■ Problem: Wherever a picture appears, skip it and retype the rest of the data exactly.

§ §

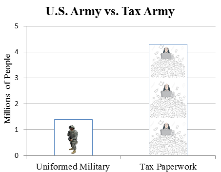 Individuals and businesses spend 8.9 billion hours a year on federal tax paperwork, which is equivalent to 4.3 million people working full-time and year-round on this unproductive activity. That “tax army” is three times larger than our uniformed military of 1.4 million active duty service members.
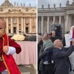 Matheus afirma que conseguir ser notado por Leão XIV foi “uma providência divina”, mas confessa que o fato de o bebê estar vestido como papa ajudou a chamar mais atenção do pontífice.
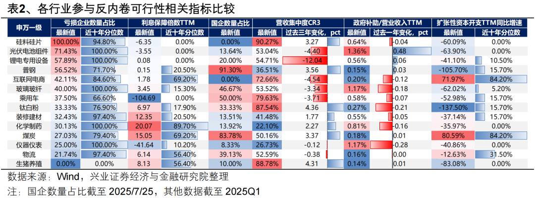 建树上,咱们从参与反内卷的遑急性(耗损企业数目占比&利息保障倍数)、反内卷试验的不时性(围聚度变化趋势&国有企业数目占比),以及产能去化的阻力(政府扶助力度变化趋势&延长性成本开支强度)等三个维度分析哪些行业具备更好的反内卷基础。
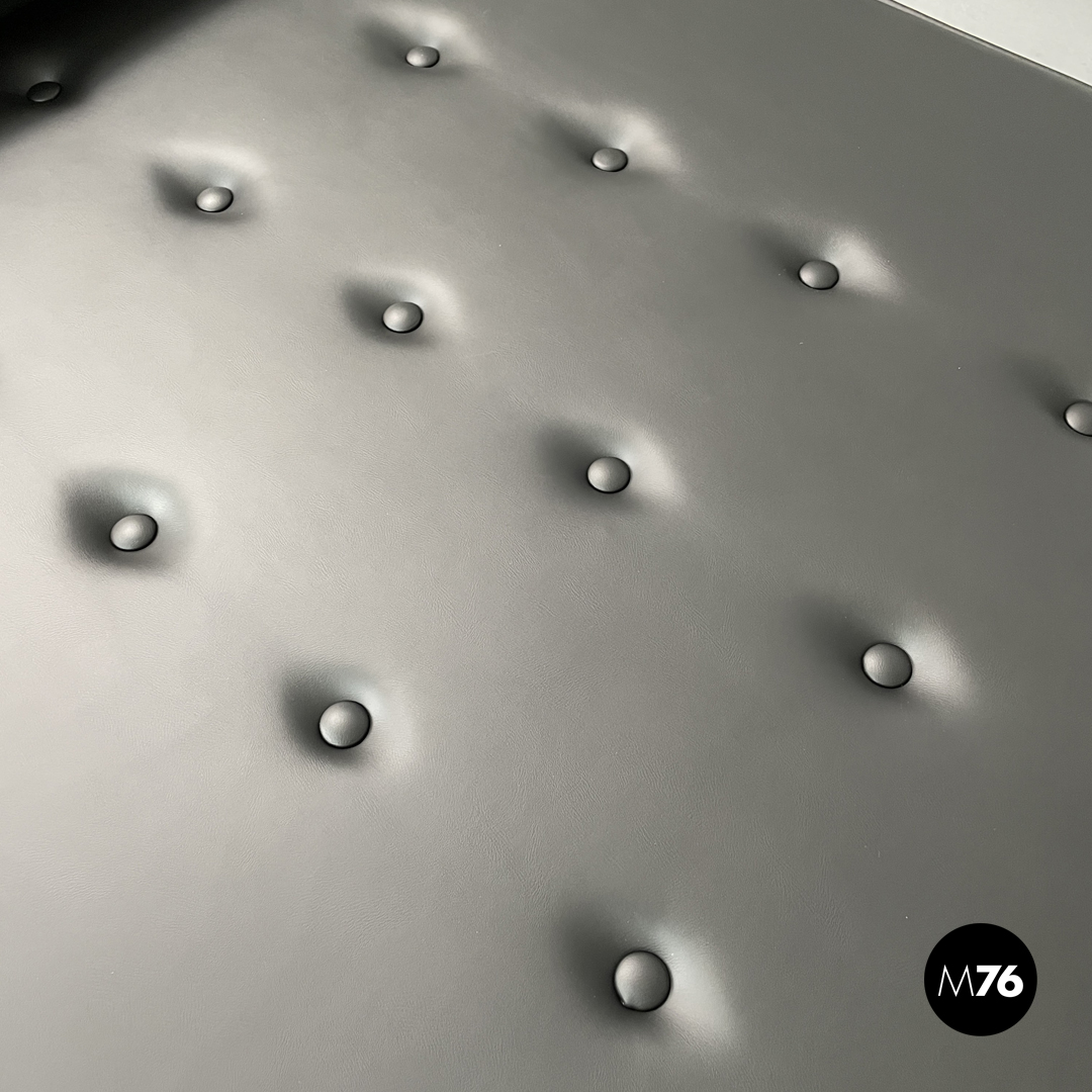 Materasso per daybed rettangolare, in simil pelle nera con bottoni. Presenta due cuscini cilindrici con fascia che possono essere disposti a piacimento.
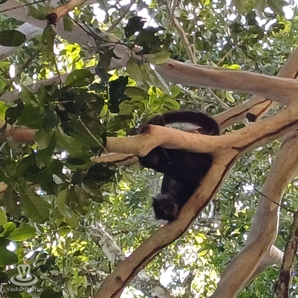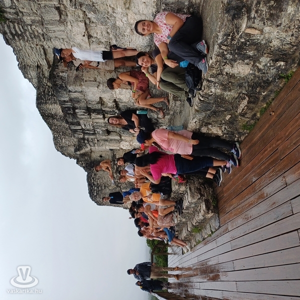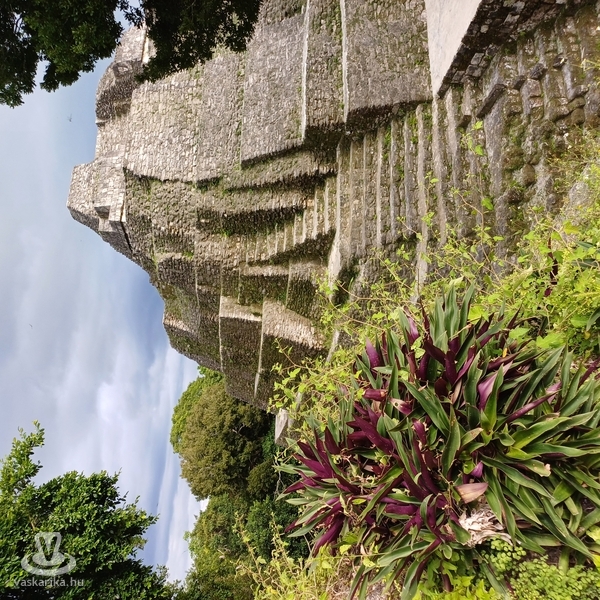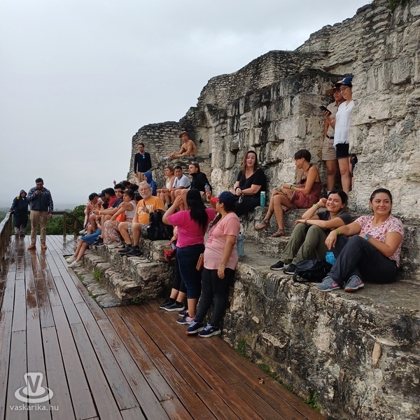 Harmadik Petén-i napunkon megint naplementés programot választottunk, így délelőtt csavaroghattunk egyet a szigeten, sőt, átmentünk a keskeny úton, amely a szigetet a szárazfölddel összekötötte, és a San Benito városrészen levő bevásárlóközpontban tudtunk ebédelni, vásárolgatni. Én még a hotel medencéjében is megmártóztam, míg nejem az üzleteket járta. Délben szedett össze minket a kisbusz, ezúttal európai kirándulókkal: németek, spanyolok, franciák voltak útitársaink a Yaxhá felé vezető úton. A látnivaló a Yaxhá- Nakúm- Naranjo Biosfera Reservatum területén található. Ide is szűk kétórás zötykölődés után értünk, majd a parkolóból a Yaxhá lagúna partjára irányítottak minket. Elhalt, gnómszerű hatalmas fák meredeztek csupasz ágaikkal ijesztően a szelíd tóból, de a madár- és rovarvilág - nem törődve a krokodilokkal - élte-nyüzsögte mindennapjait. A romok előtt még a látogatóközpontba is benéztünk, ahol a preklasszikus, azaz 600 előtt, pontosan i. sz. 250 és 600 között fénykorát élt maya város történetét, főbb korszakait uralkodóival, és építészeti emlékeit mutatták be. Kevesebbet kellett mennünk, mint Tikalban, a Calzada Lincoln ösvényen a keleti parton levő lagúnától a Complejo Astronomico Mayor, a Nagy Csillagvizsgáló, és az Acropolis Norte, az Északi Akropolisz fele. Szemet gyönyörködtető, lelket nyugtató ligeteken haladtunk át. A magasban pálmák és lombhullató fák, tele immár nagyobbacska bőgőmajmokkal, színes, pozsgáslevelű bokrok, szépen ápolt gyep: ezen baktattunk a feltárt, rekonstruált, és a még mohás, megtisztításra váró építmények között. A csillagvizsgálóhoz falépcsőn lehetett felmenni, amely nem volt kimerítő, majd a legimpozánsabbat, a tér három oldalán három, a Nap, a Hold, és a csillagok piramisai által közrefogott Északi Akropoliszt jártuk be. A legmagasabb 22 m magas volt, a többi sem sokkal kisebb. Nem voltak kiépített, kapaszkodós lépcsők, az 1500 éves omladozó-töredezett köveken kapathatott fel az, akinek volt bátorsága és nem volt tériszonya. Nejem is felment, én inkább lentről filmeztem. Közben egy labdajátékpályát is megtekintettünk. A maja sportban nem kézzel, lábbal is csak ritkán, inkább vállal passzolgatták a labdát az oldalfalakon található, kosárlabdapalánk magasságú gyűrűbe. Nem babra ment a játék: a vesztes csapat kapitányának bizony fejét vették a meccs után. Már a bőgőmajmok is megszólaltak mély, öblös hörgésükkel, amelyet még régebben jaguárüvöltésnek véltünk.
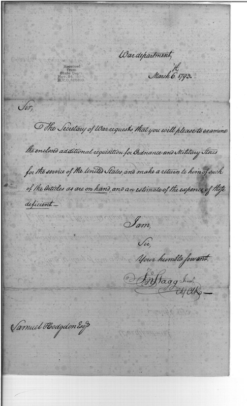 - In source: Collection: Post Revolutionary War Papers, 1784-1815. (RG94)
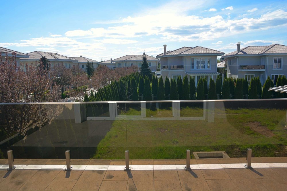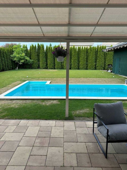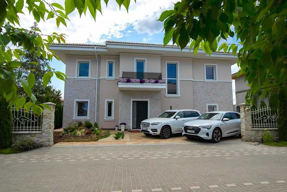 Будинок розташований на приватній ділянці площею 9 соток. Є басейн із підігрівом, газон. Будинок повністю готовий для проживання.
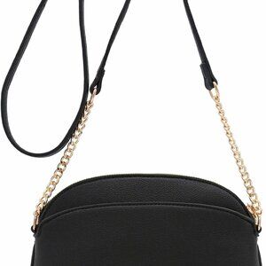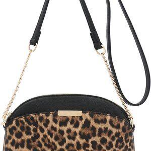 Features: Compact faux leather crossbody with a fierce leopard print pattern and gold-tone hardware. Zipper closure keeps your essentials secure, and multiple pockets including front, rear slip, and zipper compartment add organization. The adjustable strap extends from 47" to 53" for a comfortable, customizable fit.
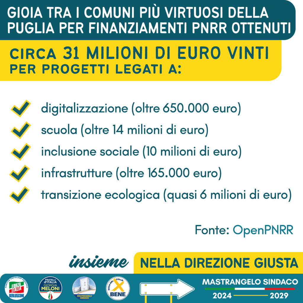 Gioia tra i comuni più virtuosi della Puglia per finanziamenti PNRR ottenuti!
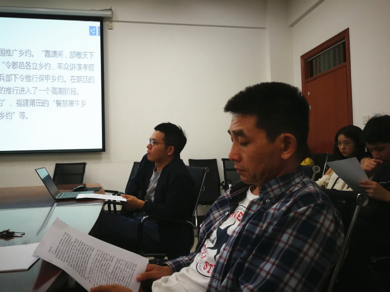 主题报告结束后,许多老师和同学都参与了讨论。田东奎教授认为古代的宗族或远或近,有固定的管辖区域,在这中间有一些法的元素,如类似于民法的拟制,也有如行政管理方面的村民自治,但是单纯用现代法学概念,宗族乡约的很多内容无法完全对应上,因此是否可以从这切入点,思考如何更好地为恢复中华法系作出内涵补充。唐丰鹤副教授提出了,宗族乡约化和族规之间的关系应当如何界定,是否可以更细致的明确下相互的概念。汪庆红副教授也提出,明朝中后期,“私”、“欲”、“情”等观念对儒家文化有了新的诠释和补充,那么这些观念如何在宗族乡约化上具体体现,尚需要认真论证。另外,王俊博士、钱炜江博士、童圣侠博士以及与会的研究生也分别提出了宝贵的意见。龚金镭博士则对于这些意见给出了回应,并表示会在会下针对这些问题再继续完善。
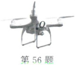 56. (2024·淮安)无人机在许多领域发挥着重要的作用。如图所示为某型号无人机,整机质量为$ 6 kg $,静止时两起落架与地面的总接触面积为$ 0.02 m^2 $。($ g $取$ 10 N/kg $)
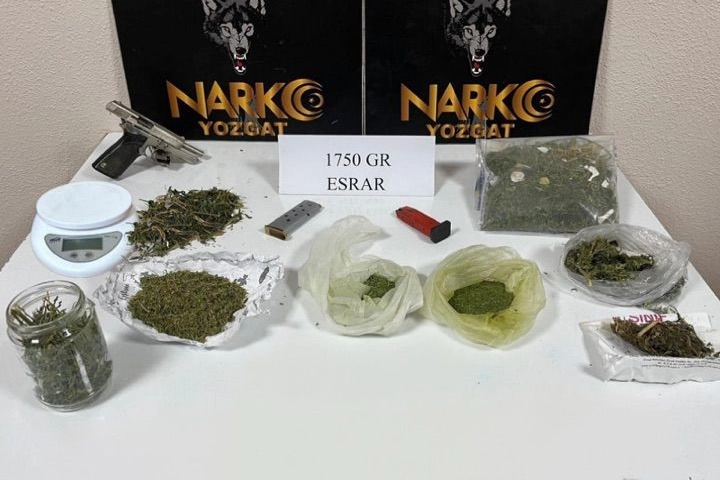 Aramalarda bin 750 gr. Esrar, hassas terazi,1 adet Ruhsatsız Tabanca, 55 adet 9,19 mm. fişek ele geçirildi.
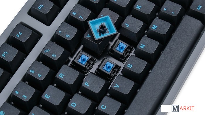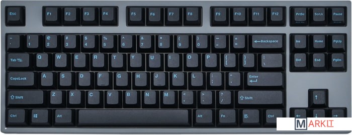 КЛАВИАТУРА БЕЗ КИРИЛЛИЦЫТип: тактильный Сила нажатия: 55 грамм (средние)Длина пути: 4 мм (2 мм до срабатывания)Данная модель имеет темную цветовую схему, расцветка обязательно понравится фанатам классики. Клавиатура собрана добротно и монолитно, а сочетание высококачественных double-shot PBT клавиш с переключателями Cherry MX и звукопоглощающей подложкой позволяет сделать печать на клавиатуре максимально тихой (насколько это возможно для механики). Mini-USB порт спрятан в центре под корпусом, а на самой клавиатуре имеются центральная и две боковые канавки под кабель.Клавиатура поддерживает сочетание клавиш для регулировки громкости и управления музыкой, также имеется возможность переключения между 6KRO и NKRO.DIP-переключатели на задней панелиДают возможность поменять местами функции кнопок Ctrl и Caps Lock, Windows и Alt, Windows и Fn или отключить Windows.Звукопоглощающая подложкаПоглощает звуки при нажатии, делая процесс печати более тихим по сравнению с обычными механическими клавиатурами.Низкопрофильные клавиши Step-Sculpture2Данные клавиши заметно ниже и имеют оптимальный угол наклона, из-за чего, по отзывам, печатать приятнее и комфортнее, чем на более высоких клавишах.Клавиатура совместима с Mac OSFN-слой работает (кроме клавиш F6, F8, F9), а поменять местами клавиши-модификаторы можно в системных настройках. Проверено с MAC OS 10.13Функция Full N-key Rollover по USB (NKRO)Позволяет нажимать одновременно неограниченное количество клавиш. Для печати идеально подойдет как 6KRO, так и NKRO, независимо от вашей скорости. Для игр NKRO будет плюсом и неважно, нажимаете ли вы больше 6 кнопок или нет, поскольку, играя в любую игру, вы можете случайно нажать пару лишних клавиш и из-за этого клавиатура имеет шанс не среагировать на нажатие, которое вы хотели совершить изначально. Имеется возможность переключения между NKRO и 6KRO через FN сочетания.
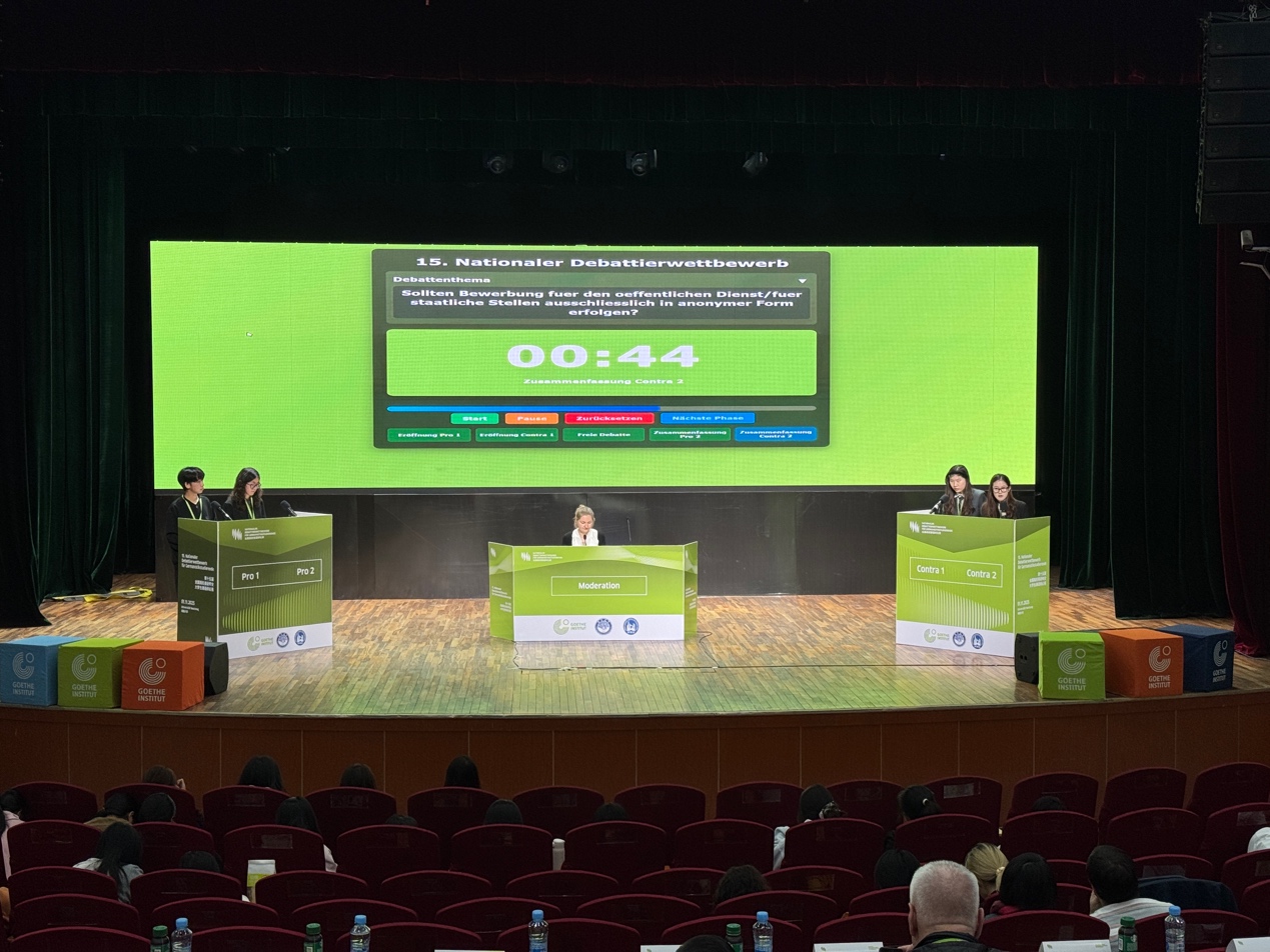 此次德语辩论赛紧扣时代需求,题目聚焦人工智能、数字化、文化、教育等前沿议题,有助于激励学生关注国际动态、拓展知识视野,促进跨学科素养的融合发展。此外,比赛在模拟真实国际对话场景中深化了青年一代对中德社会与文化的理解,为培养具备跨文化沟通能力、全球视野与协作精神的复合型人才奠定了坚实基础。我院两位同学在比赛中呈现出的专业素质和精神风貌,充分彰显了学院推行“外语+”复合型人才培养的成效,也体现了德文系在本科人才培养方面的优秀成果。

§ §

■ Response below:
 Individuals and businesses spend 8.9 billion hours a year on federal tax paperwork, which is equivalent to 4.3 million people working full-time and year-round on this unproductive activity. That “tax army” is three times larger than our uniformed military of 1.4 million active duty service members.
 Matheus afirma que conseguir ser notado por Leão XIV foi “uma providência divina”, mas confessa que o fato de o bebê estar vestido como papa ajudou a chamar mais atenção do pontífice.
 建树上,咱们从参与反内卷的遑急性(耗损企业数目占比&利息保障倍数)、反内卷试验的不时性(围聚度变化趋势&国有企业数目占比),以及产能去化的阻力(政府扶助力度变化趋势&延长性成本开支强度)等三个维度分析哪些行业具备更好的反内卷基础。
 Materasso per daybed rettangolare, in simil pelle nera con bottoni. Presenta due cuscini cilindrici con fascia che possono essere disposti a piacimento.
 Harmadik Petén-i napunkon megint naplementés programot választottunk, így délelőtt csavaroghattunk egyet a szigeten, sőt, átmentünk a keskeny úton, amely a szigetet a szárazfölddel összekötötte, és a San Benito városrészen levő bevásárlóközpontban tudtunk ebédelni, vásárolgatni. Én még a hotel medencéjében is megmártóztam, míg nejem az üzleteket járta. Délben szedett össze minket a kisbusz, ezúttal európai kirándulókkal: németek, spanyolok, franciák voltak útitársaink a Yaxhá felé vezető úton. A látnivaló a Yaxhá- Nakúm- Naranjo Biosfera Reservatum területén található. Ide is szűk kétórás zötykölődés után értünk, majd a parkolóból a Yaxhá lagúna partjára irányítottak minket. Elhalt, gnómszerű hatalmas fák meredeztek csupasz ágaikkal ijesztően a szelíd tóból, de a madár- és rovarvilág - nem törődve a krokodilokkal - élte-nyüzsögte mindennapjait. A romok előtt még a látogatóközpontba is benéztünk, ahol a preklasszikus, azaz 600 előtt, pontosan i. sz. 250 és 600 között fénykorát élt maya város történetét, főbb korszakait uralkodóival, és építészeti emlékeit mutatták be. Kevesebbet kellett mennünk, mint Tikalban, a Calzada Lincoln ösvényen a keleti parton levő lagúnától a Complejo Astronomico Mayor, a Nagy Csillagvizsgáló, és az Acropolis Norte, az Északi Akropolisz fele. Szemet gyönyörködtető, lelket nyugtató ligeteken haladtunk át. A magasban pálmák és lombhullató fák, tele immár nagyobbacska bőgőmajmokkal, színes, pozsgáslevelű bokrok, szépen ápolt gyep: ezen baktattunk a feltárt, rekonstruált, és a még mohás, megtisztításra váró építmények között. A csillagvizsgálóhoz falépcsőn lehetett felmenni, amely nem volt kimerítő, majd a legimpozánsabbat, a tér három oldalán három, a Nap, a Hold, és a csillagok piramisai által közrefogott Északi Akropoliszt jártuk be. A legmagasabb 22 m magas volt, a többi sem sokkal kisebb. Nem voltak kiépített, kapaszkodós lépcsők, az 1500 éves omladozó-töredezett köveken kapathatott fel az, akinek volt bátorsága és nem volt tériszonya. Nejem is felment, én inkább lentről filmeztem. Közben egy labdajátékpályát is megtekintettünk. A maja sportban nem kézzel, lábbal is csak ritkán, inkább vállal passzolgatták a labdát az oldalfalakon található, kosárlabdapalánk magasságú gyűrűbe. Nem babra ment a játék: a vesztes csapat kapitányának bizony fejét vették a meccs után. Már a bőgőmajmok is megszólaltak mély, öblös hörgésükkel, amelyet még régebben jaguárüvöltésnek véltünk.
 - In source: Collection: Post Revolutionary War Papers, 1784-1815. (RG94)
 Будинок розташований на приватній ділянці площею 9 соток. Є басейн із підігрівом, газон. Будинок повністю готовий для проживання.
 Features: Compact faux leather crossbody with a fierce leopard print pattern and gold-tone hardware. Zipper closure keeps your essentials secure, and multiple pockets including front, rear slip, and zipper compartment add organization. The adjustable strap extends from 47" to 53" for a comfortable, customizable fit.
 Gioia tra i comuni più virtuosi della Puglia per finanziamenti PNRR ottenuti!
 主题报告结束后,许多老师和同学都参与了讨论。田东奎教授认为古代的宗族或远或近,有固定的管辖区域,在这中间有一些法的元素,如类似于民法的拟制,也有如行政管理方面的村民自治,但是单纯用现代法学概念,宗族乡约的很多内容无法完全对应上,因此是否可以从这切入点,思考如何更好地为恢复中华法系作出内涵补充。唐丰鹤副教授提出了,宗族乡约化和族规之间的关系应当如何界定,是否可以更细致的明确下相互的概念。汪庆红副教授也提出,明朝中后期,“私”、“欲”、“情”等观念对儒家文化有了新的诠释和补充,那么这些观念如何在宗族乡约化上具体体现,尚需要认真论证。另外,王俊博士、钱炜江博士、童圣侠博士以及与会的研究生也分别提出了宝贵的意见。龚金镭博士则对于这些意见给出了回应,并表示会在会下针对这些问题再继续完善。
 56. (2024·淮安)无人机在许多领域发挥着重要的作用。如图所示为某型号无人机,整机质量为$ 6 kg $,静止时两起落架与地面的总接触面积为$ 0.02 m^2 $。($ g $取$ 10 N/kg $)
 Aramalarda bin 750 gr. Esrar, hassas terazi,1 adet Ruhsatsız Tabanca, 55 adet 9,19 mm. fişek ele geçirildi.
 КЛАВИАТУРА БЕЗ КИРИЛЛИЦЫТип: тактильный Сила нажатия: 55 грамм (средние)Длина пути: 4 мм (2 мм до срабатывания)Данная модель имеет темную цветовую схему, расцветка обязательно понравится фанатам классики. Клавиатура собрана добротно и монолитно, а сочетание высококачественных double-shot PBT клавиш с переключателями Cherry MX и звукопоглощающей подложкой позволяет сделать печать на клавиатуре максимально тихой (насколько это возможно для механики). Mini-USB порт спрятан в центре под корпусом, а на самой клавиатуре имеются центральная и две боковые канавки под кабель.Клавиатура поддерживает сочетание клавиш для регулировки громкости и управления музыкой, также имеется возможность переключения между 6KRO и NKRO.DIP-переключатели на задней панелиДают возможность поменять местами функции кнопок Ctrl и Caps Lock, Windows и Alt, Windows и Fn или отключить Windows.Звукопоглощающая подложкаПоглощает звуки при нажатии, делая процесс печати более тихим по сравнению с обычными механическими клавиатурами.Низкопрофильные клавиши Step-Sculpture2Данные клавиши заметно ниже и имеют оптимальный угол наклона, из-за чего, по отзывам, печатать приятнее и комфортнее, чем на более высоких клавишах.Клавиатура совместима с Mac OSFN-слой работает (кроме клавиш F6, F8, F9), а поменять местами клавиши-модификаторы можно в системных настройках. Проверено с MAC OS 10.13Функция Full N-key Rollover по USB (NKRO)Позволяет нажимать одновременно неограниченное количество клавиш. Для печати идеально подойдет как 6KRO, так и NKRO, независимо от вашей скорости. Для игр NKRO будет плюсом и неважно, нажимаете ли вы больше 6 кнопок или нет, поскольку, играя в любую игру, вы можете случайно нажать пару лишних клавиш и из-за этого клавиатура имеет шанс не среагировать на нажатие, которое вы хотели совершить изначально. Имеется возможность переключения между NKRO и 6KRO через FN сочетания.
 此次德语辩论赛紧扣时代需求,题目聚焦人工智能、数字化、文化、教育等前沿议题,有助于激励学生关注国际动态、拓展知识视野,促进跨学科素养的融合发展。此外,比赛在模拟真实国际对话场景中深化了青年一代对中德社会与文化的理解,为培养具备跨文化沟通能力、全球视野与协作精神的复合型人才奠定了坚实基础。我院两位同学在比赛中呈现出的专业素质和精神风貌,充分彰显了学院推行“外语+”复合型人才培养的成效,也体现了德文系在本科人才培养方面的优秀成果。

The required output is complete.